Mirage is a beautiful natural phenomena where a light ray coming down at an inclination to the vertical turns up side down due to gradient in refractive index. It can be easily demonstrated in a laboratory by making a salt solution with a concentration gradient. In this article, we describe our experiment on forming a Mirage like phenomena and analyze the path using Snell's law and also using Fermat's principal.

On a hot summer day, the sand in desert area becomes very hot and creates a temperature gradient in the air above it. Accordingly, the density of air also acquires a gradient, decreasing as one goes up and correspondingly the refractive index increases gradually as one goes up. Light rays starting obliquely from some object, gradually turn away from the local normal (vertical) as it moves from optically denser to rarer layers of air and at some stage become horizontal. Interestingly, it does not continue in this horizontal layer as one may expect from a naive argument that it is no more “falling” on a layer with different refractive index. Rather it turns upwards and keeps deviating. If an observer is stationed at appropriate position, she/he may observe the virtual image of the object as if the sand is behaving like a plane mirror.

Most of the articles and textbooks rightly describe this phenomena as a result of Fermat’s principle or of refraction in a medium with gradually changing refractive index (1-3). However a quantitative analysis leading to the equation of the path of a light ray in such a medium is seldom attempted. In some of the popular sites and also in some of the textbooks including NCERT book, it is erroneously mentioned that in mirage, at some stage the angle of incidence becomes larger than the critical angle and total internal reflection makes the light ray turn upwards (4).

Though the author has not experienced Mirage in a desert but it is very common to observe this phenomena while driving on a highway during peak summer days. Not only that the road appears wet, one can see images of headlights of the vehicles coming from opposite side if they are turned on. In the following, we describe our experiments of light following a curved path and turning upside down in a salt solution and then derive the equation of the path from Snell’s law, establishing clearly that refraction can turn the light ray up side down.

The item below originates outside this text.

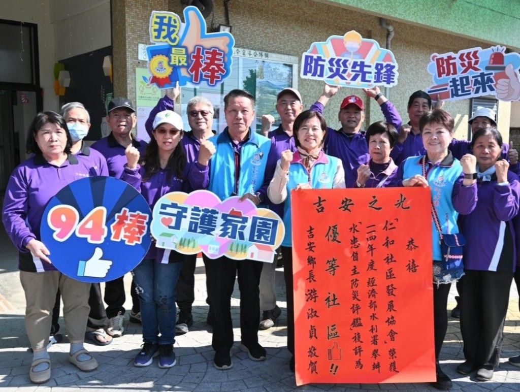 花蓮縣吉安鄉長游淑貞帶領公所鋼鐵團隊攜手社區共構強韌鄉城建設藍圖,歷年來吉安鄉多次獲得中央與縣府表揚肯定外,今年仁和社區發展協會也在經濟部水利署第九河川分署與花蓮縣政府的專業輔導下,獲得吉安鄉公所多元支持、全面積極協助「114年度(2025年)水患自主防災社區評鑑」,憑藉完善的整備作為與高度凝聚的社區動能,再度從眾多參選單位中脫穎而出,榮獲全國評鑑「優等」佳績,更是花蓮縣唯一獲得優等肯定的鄉鎮市社區,成為地方防災治理的典範。

About 30 g of table salt was dissolved in about 100 ml of water and it was placed in a transparent cubical container. Fresh water was taken in a syringe with the needle removed. It was held with the nozzle touching one of the walls of the container and the piston was gently moved in, injecting the water over the salt solution very slowly. About 50 ml of water was poured this way in the container. Care was taken not to vibrate or disturb the container in any other way.

Because of the density differences, fresh water tends to float on the salt solution but because of the thermal diffusion some mixing occurs at the interference. In a minute or so things stabilize and a concentration gradient is formed at the junction of solution and water, extending to several milli meters which stays for reasonably long periods of time. The refractive index of a salt solution increases with the increase in salt concentration and hence a refractive index gradient is established in the interface region.

A laser beam is sent through the solution in nearly horizontal direction. If the beam is close to the bottom, it is seen to go in a straight path. Same is the case when the beam is sent near the top. But if the beam is sent in the interface region, distinct curving is seen in the beam.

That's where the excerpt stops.